What the exercise asks: Give the listing again word for word. Skip the pictures.
-------- Data block --------
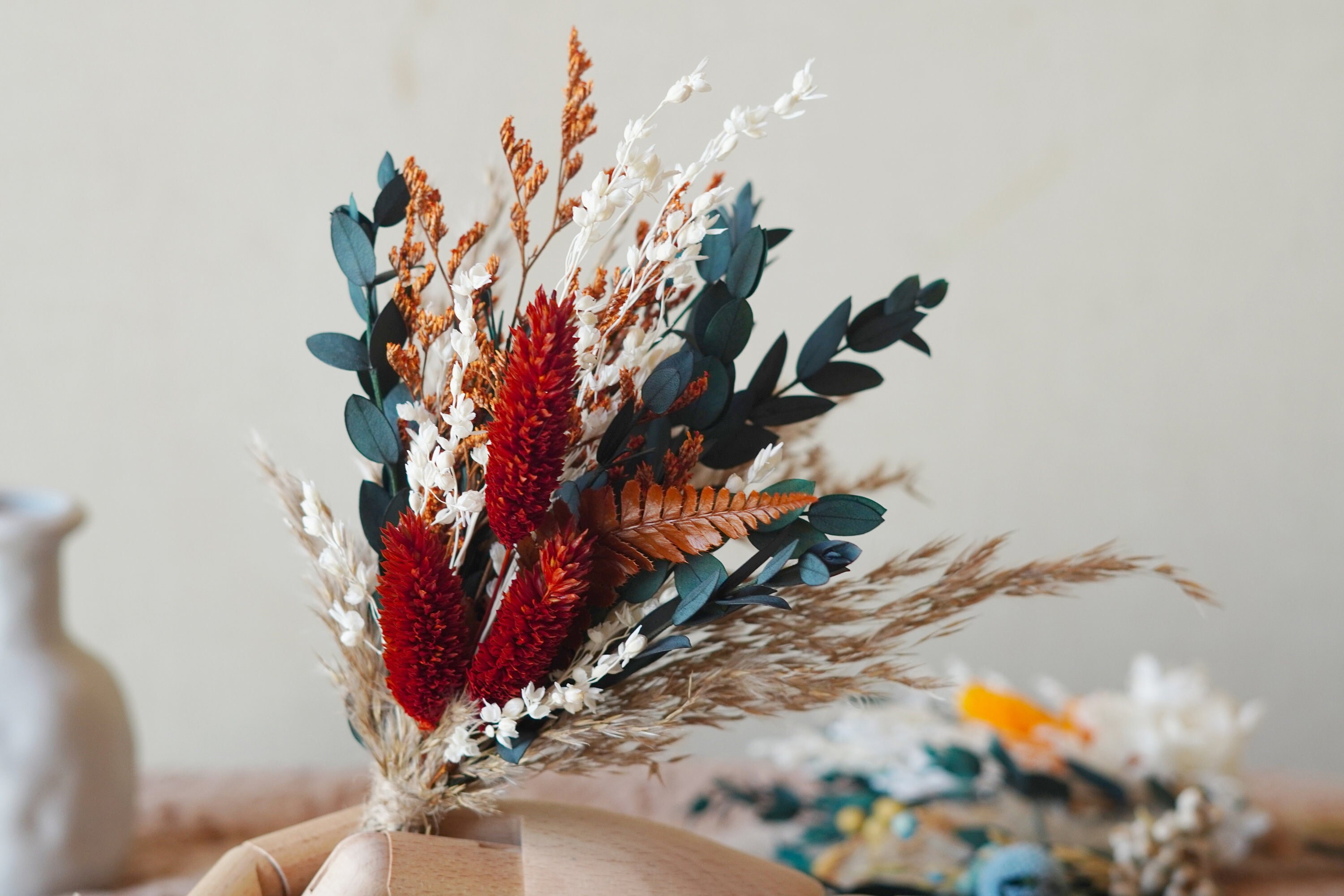 Rust Orange~Green Eucalyptus Leaves Bouquet/Deep Red Bouquet/Pampas...
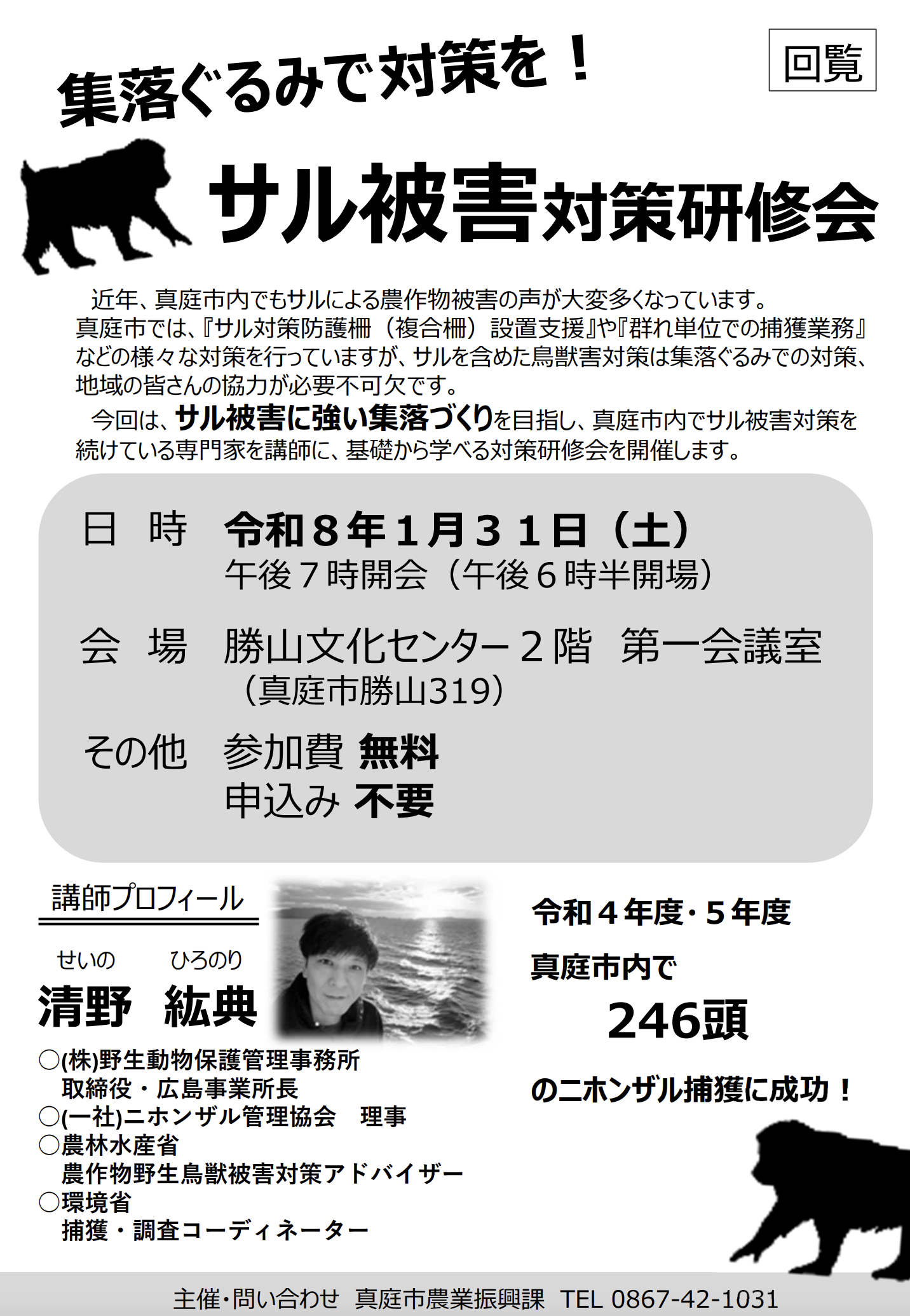 今回の講座では、サル被害に強い集落づくりを目指し、真庭市内でサル被害対策を続けている専門家を講師に、基礎から学べる対策講座を開催します。
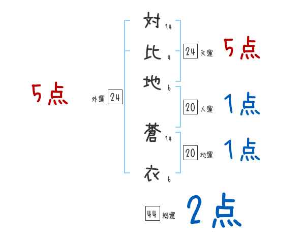 外運![]() | 対比地蒼衣さんの外運は24画の5つ星!家庭運が良く順調な人生。金運にも恵まれる。 生活面を象徴する運勢です。外部から受ける影響力を表し、結婚運、家庭運や職場、環境への順応性を表します。 |
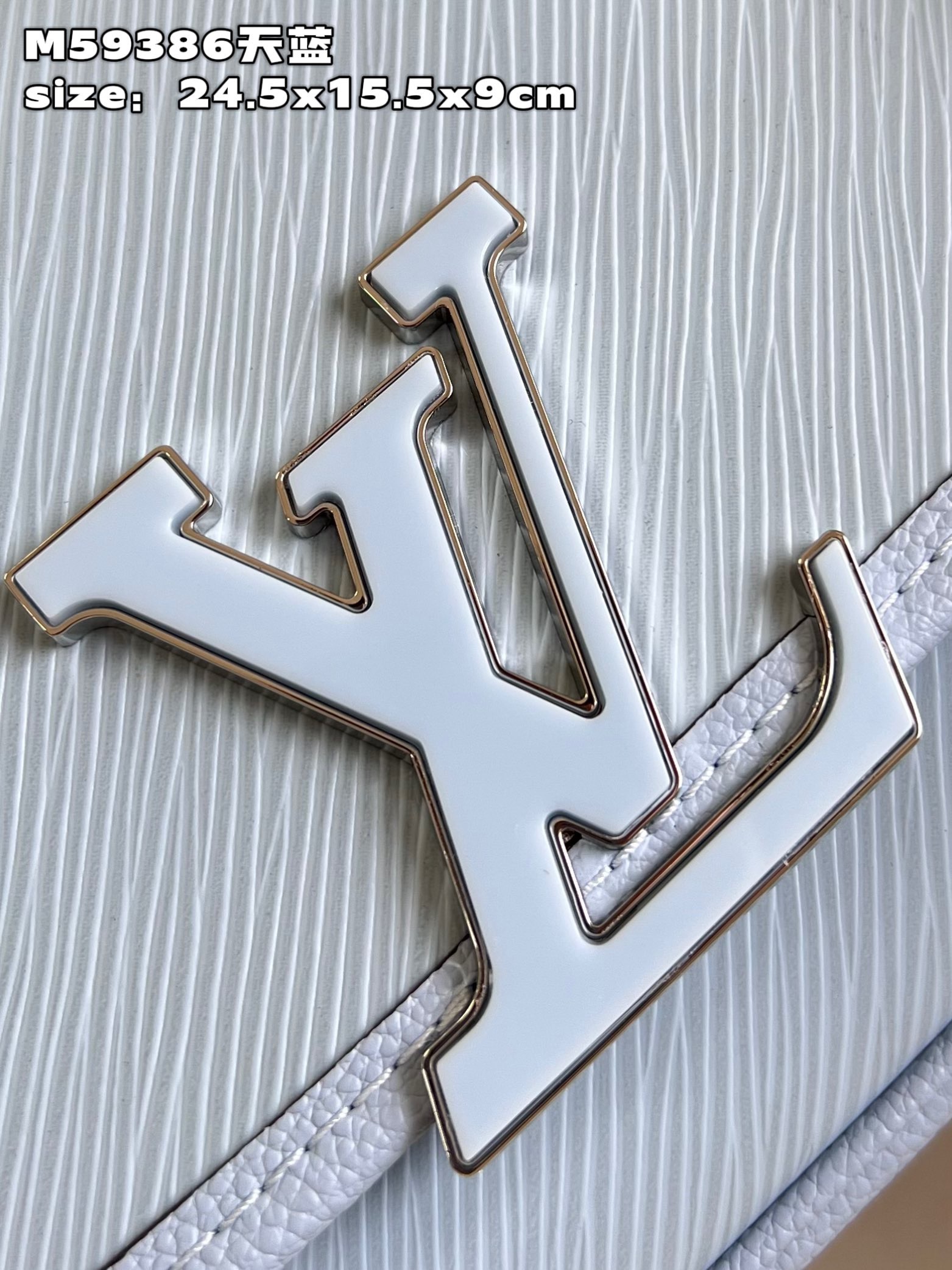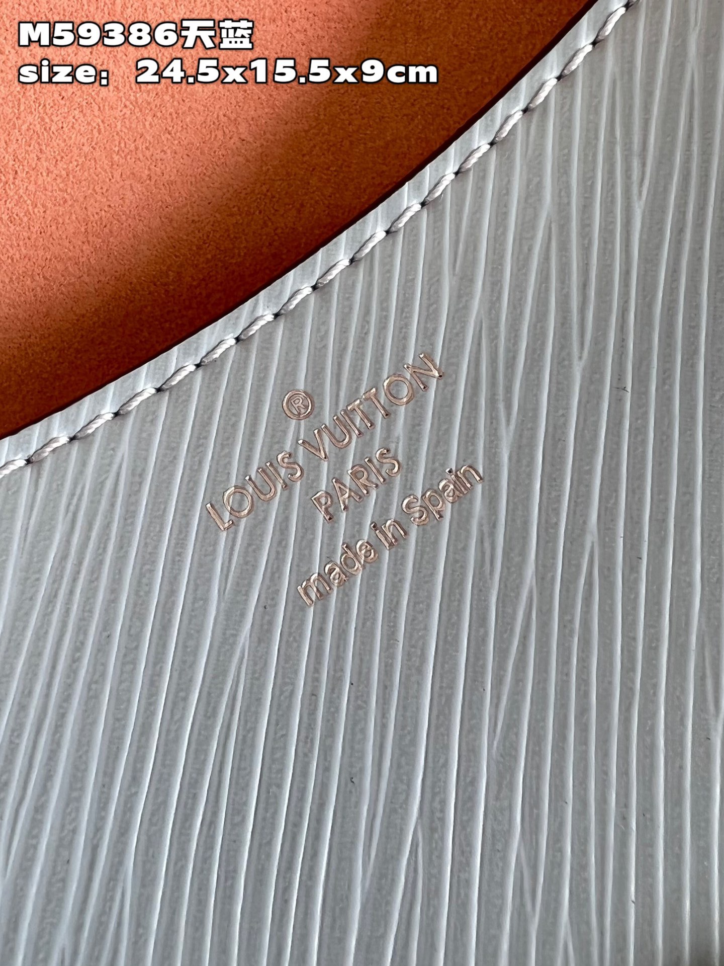 P780 【 Exclusive live shot of m59386 Sky Blue 】 The m59461 is a Buci crossbody bag made from iconic grain EPI leather. This season, it is released in exquisite light color, adding a soft and elegant feel to the spring silhouette. The compact appearance and oversized LV resin buckle in the same color give it a fashionable and modern charm. Size: 24.5x15.5x9cm
--------
Response area:
 Rust Orange~Green Eucalyptus Leaves Bouquet/Deep Red Bouquet/Pampas...
 今回の講座では、サル被害に強い集落づくりを目指し、真庭市内でサル被害対策を続けている専門家を講師に、基礎から学べる対策講座を開催します。
 外運![]() | 対比地蒼衣さんの外運は24画の5つ星!家庭運が良く順調な人生。金運にも恵まれる。 生活面を象徴する運勢です。外部から受ける影響力を表し、結婚運、家庭運や職場、環境への順応性を表します。 |
 P780 【 Exclusive live shot of m59386 Sky Blue 】 The m59461 is a Buci crossbody bag made from iconic grain EPI leather. This season, it is released in exquisite light color, adding a soft and elegant feel to the spring silhouette. The compact appearance and oversized LV resin buckle in the same color give it a fashionable and modern charm. Size: 24.5x15.5x9cm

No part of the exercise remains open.